Govt gets a stick to beat Anna
Mumbai: The genie in a six-and-a-half-year-old bottle has suddenly come to haunt Anna Hazare. Just as the veteran Gandhian was bracing himself to launch a hunger strike on August 16 in the national capital, the Congress and the UPA government it leads at the Centre raked up observations pertaining to him in an early 2005 inquiry report over a suspected case of corruption -- the very issue against which the Maharastrian social activist has fought all his life.
It all started in September 2003 when the Maharastra government ordered a probe into allegations of corruption and maladministration against several people, including four ministers and 10 trusts Hazare and his associates ran in their native state. The Justice P B Sawant Commission, which gave its report on February 23, 2005, cited maladministration, illegality and irregularity in the functioning of the trusts. It held Hazare guilty of corrupt practice and acts of maladministration.
That the Commisssion had devoted 123 of the total 379 pages on its observations on the complaints of corruption and illegality in the trusts led by or related to Hazare got highlighted today when Manish Tewari, spokesman for the Congress, a party that has been at loggerheads with the Gandhian for long, spoke about the matter at a press conference in Delhi.
Govt gets a stick to beat Anna
After the Sawant committee report came out, the state government appointed another panel led by former chief secretary DM Sukhthankar. It had left it to the government to take necessary action. The Congress now sensed it as a weapon to hit back at Hazare, as the party today asked him to come clean on the charges against him and his trusts. Business Standard made repeated attempts to reach Hazare over phone, but he remained unreachable.
The Commission had ruled that the agitational activities of the trusts had to be carried on by observing certain norms; they should be peaceful and legal. "Care has to be taken to see that they do not lead to anti-social activities or become extra-constitutional centres of power. Such a development will itself encourage lawlessness and spell out the end of the rule of law." It further observed that agitational activities "also constitute a social power, which is as much liable to be abused as the political power. When social power is used irresponsibly or to subvert the constitutional authority, it is hardly distinguishable from terror. The social power should not become or allowed to become an engine of oppression of the innocent."
Justice Sawant went into the mode of functioning and the formation of 10 trusts under various rules and laws. His Commission, by and large, found truth in the allegations relating to the subversion of law, maladministration and illegality. For instance, "the Hind Swaraj Trust did not take care to examine the provisions of law, while alienating the land induced the zilla parishad to take possession of the property and to construct there on a Samaj Mandir. There is apparent lack of care on the part of trustees and to that extent there is maladminitration."
Govt gets a stick to beat Anna
In another case relating to complaints made by several against the members of the Hazare-led Bhrashtachar Virodhi Andolan, the Commission observed that complaints against his activists had from time to time been brought to the Gandhian's notice. "But he had failed to act upon the said complaints which appear to have given some activists a free hand of misconduct."
The Commission pulled up Hazare for remaining chairman of the Krishna Pani Puravatha Yojana Sahakari Sanstha during 2001-03, since he did not hold any land within the jurisdiction of the society.

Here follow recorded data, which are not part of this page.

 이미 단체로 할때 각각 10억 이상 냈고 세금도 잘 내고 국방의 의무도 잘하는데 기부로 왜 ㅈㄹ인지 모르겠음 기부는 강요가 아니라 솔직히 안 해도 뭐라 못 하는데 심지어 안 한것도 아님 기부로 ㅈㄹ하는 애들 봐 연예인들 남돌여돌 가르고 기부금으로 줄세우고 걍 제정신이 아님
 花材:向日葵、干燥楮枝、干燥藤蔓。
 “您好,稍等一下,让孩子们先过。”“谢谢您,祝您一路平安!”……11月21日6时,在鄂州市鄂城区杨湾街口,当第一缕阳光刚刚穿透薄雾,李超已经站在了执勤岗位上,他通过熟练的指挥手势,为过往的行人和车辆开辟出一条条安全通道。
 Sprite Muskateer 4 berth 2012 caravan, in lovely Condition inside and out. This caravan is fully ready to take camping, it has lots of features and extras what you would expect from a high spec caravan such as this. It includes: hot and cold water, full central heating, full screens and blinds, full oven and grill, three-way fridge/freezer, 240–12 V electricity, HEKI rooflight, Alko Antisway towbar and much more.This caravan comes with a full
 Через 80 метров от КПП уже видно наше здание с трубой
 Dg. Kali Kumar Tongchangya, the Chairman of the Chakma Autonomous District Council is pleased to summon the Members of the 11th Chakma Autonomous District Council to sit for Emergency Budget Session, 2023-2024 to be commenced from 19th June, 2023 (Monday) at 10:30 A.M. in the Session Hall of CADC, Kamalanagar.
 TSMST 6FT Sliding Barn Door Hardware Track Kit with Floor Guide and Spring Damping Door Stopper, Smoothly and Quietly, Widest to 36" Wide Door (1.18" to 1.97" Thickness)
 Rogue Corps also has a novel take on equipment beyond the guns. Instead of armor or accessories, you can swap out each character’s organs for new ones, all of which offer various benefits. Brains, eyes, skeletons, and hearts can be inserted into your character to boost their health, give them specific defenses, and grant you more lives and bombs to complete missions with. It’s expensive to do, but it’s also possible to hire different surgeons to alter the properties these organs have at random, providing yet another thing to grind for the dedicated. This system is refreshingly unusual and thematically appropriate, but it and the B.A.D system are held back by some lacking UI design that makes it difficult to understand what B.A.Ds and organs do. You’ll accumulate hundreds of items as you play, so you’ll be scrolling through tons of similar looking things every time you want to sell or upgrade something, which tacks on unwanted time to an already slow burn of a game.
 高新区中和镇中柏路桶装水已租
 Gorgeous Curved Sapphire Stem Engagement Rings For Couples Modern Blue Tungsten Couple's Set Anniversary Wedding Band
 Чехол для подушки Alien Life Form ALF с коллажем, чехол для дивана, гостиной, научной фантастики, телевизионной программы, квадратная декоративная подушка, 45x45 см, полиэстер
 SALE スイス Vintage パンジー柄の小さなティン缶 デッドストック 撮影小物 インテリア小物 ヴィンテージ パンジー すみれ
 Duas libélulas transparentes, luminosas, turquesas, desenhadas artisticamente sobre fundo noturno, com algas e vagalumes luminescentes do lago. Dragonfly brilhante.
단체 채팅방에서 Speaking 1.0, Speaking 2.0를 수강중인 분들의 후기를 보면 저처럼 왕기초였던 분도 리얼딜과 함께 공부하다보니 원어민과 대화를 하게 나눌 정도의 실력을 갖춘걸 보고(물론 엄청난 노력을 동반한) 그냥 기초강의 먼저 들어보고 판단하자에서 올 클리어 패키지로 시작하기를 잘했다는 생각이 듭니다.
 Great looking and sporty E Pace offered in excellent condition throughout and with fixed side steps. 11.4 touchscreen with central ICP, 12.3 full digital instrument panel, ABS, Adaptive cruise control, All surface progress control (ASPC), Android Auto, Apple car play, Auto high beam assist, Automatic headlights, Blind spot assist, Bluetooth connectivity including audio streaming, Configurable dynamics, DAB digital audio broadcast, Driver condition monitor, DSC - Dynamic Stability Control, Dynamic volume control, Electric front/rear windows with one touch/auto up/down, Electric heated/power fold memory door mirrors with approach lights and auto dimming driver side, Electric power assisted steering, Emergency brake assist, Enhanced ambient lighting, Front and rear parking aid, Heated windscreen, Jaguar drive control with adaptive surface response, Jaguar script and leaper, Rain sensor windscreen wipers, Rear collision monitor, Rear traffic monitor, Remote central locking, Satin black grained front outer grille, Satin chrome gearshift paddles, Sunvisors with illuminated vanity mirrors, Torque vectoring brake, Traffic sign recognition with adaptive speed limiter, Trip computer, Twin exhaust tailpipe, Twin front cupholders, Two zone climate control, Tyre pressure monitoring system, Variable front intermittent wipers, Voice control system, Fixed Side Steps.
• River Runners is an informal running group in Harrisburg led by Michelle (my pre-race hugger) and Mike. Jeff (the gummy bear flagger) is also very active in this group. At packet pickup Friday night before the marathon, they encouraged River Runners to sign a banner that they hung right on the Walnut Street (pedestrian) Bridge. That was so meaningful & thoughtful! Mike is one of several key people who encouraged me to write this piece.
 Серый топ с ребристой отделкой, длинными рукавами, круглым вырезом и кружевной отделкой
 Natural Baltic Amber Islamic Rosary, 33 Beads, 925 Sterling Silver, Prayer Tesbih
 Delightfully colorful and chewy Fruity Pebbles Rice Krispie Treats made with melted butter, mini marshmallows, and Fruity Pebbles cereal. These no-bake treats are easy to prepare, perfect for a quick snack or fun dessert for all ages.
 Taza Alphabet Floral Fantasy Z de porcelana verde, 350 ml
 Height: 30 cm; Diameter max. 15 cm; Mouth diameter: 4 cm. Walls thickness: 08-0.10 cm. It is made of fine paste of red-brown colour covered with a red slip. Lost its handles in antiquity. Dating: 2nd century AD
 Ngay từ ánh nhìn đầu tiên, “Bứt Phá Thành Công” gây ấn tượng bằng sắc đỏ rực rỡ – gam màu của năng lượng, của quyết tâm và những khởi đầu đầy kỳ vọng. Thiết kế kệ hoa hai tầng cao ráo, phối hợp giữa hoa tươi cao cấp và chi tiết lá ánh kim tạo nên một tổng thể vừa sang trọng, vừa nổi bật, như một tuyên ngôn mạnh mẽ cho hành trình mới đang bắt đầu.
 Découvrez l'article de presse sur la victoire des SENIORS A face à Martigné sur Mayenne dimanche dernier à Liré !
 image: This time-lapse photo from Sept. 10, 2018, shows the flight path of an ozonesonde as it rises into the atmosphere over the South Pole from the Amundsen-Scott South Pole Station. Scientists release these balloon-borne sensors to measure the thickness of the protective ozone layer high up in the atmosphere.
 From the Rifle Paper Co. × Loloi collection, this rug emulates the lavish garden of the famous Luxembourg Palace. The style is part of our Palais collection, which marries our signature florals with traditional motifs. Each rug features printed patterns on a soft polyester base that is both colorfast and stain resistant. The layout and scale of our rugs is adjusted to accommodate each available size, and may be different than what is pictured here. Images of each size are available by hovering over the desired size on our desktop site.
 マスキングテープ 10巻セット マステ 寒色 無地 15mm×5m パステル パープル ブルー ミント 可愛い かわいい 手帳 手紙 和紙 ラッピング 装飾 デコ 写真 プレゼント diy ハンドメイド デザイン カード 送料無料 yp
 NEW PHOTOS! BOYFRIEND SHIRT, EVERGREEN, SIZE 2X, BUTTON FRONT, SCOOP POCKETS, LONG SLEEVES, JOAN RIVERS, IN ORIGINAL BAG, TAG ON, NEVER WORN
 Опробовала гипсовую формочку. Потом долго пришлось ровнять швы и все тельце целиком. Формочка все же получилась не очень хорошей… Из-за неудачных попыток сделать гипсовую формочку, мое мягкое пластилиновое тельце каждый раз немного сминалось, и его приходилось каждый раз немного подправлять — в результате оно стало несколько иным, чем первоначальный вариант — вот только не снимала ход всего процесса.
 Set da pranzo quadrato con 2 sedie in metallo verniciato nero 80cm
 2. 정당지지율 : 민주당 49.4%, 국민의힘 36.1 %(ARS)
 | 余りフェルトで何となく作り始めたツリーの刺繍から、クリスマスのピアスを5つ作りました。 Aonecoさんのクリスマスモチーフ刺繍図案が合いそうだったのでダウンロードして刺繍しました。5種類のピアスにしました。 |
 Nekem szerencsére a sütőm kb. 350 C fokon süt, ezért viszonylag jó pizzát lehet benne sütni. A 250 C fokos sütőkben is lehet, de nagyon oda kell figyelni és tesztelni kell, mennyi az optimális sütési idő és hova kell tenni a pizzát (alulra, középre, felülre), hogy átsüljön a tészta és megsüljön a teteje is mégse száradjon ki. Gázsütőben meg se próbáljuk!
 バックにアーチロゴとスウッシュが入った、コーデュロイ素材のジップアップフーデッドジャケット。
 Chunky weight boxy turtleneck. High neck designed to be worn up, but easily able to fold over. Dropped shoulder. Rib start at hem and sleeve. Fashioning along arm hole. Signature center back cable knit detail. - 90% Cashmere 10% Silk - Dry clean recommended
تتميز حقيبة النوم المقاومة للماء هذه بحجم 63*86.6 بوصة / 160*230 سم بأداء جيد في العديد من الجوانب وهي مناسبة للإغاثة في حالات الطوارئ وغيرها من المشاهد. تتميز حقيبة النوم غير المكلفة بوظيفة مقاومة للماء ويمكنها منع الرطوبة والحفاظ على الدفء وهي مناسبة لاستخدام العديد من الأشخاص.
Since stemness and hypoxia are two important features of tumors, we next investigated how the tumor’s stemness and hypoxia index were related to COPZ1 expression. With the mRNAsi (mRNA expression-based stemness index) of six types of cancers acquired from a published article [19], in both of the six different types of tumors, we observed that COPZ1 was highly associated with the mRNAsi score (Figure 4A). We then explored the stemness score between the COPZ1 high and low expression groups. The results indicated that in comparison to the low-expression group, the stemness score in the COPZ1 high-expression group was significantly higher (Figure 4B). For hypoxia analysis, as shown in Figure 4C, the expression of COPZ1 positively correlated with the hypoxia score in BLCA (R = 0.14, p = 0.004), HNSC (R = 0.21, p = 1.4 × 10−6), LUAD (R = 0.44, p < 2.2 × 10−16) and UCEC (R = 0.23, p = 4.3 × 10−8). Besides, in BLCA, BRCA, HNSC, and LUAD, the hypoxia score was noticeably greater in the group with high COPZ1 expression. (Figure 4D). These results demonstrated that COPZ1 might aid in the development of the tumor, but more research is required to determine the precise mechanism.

Therefore it was "illegal".
Also, the Commission accused the Hazare-led Yadavbaba Shikshan Prasarak Mandal of not reporting to the Charity Commissioner as required under the provisions of Bombay Public Trust Act for the purchase of three pieces of land by and the construction thereon at Ralegan Siddhi in Ahmadnagar district. It observed this was a case was an irregular act amounting to maladministration.
What's more, the Yadavbaba Shikshan Prasarak Mandal spent Rs 46,374 on the renovation of a Yadav Baba temple which was contrary to the objective of the Trust. "The amount," the Commission ruled, "would be used be spent on education and that too seculal education. Both the objects were defied by the said expenses incurred on renovation of Yadavbaba temple and therefore constituted illegalities."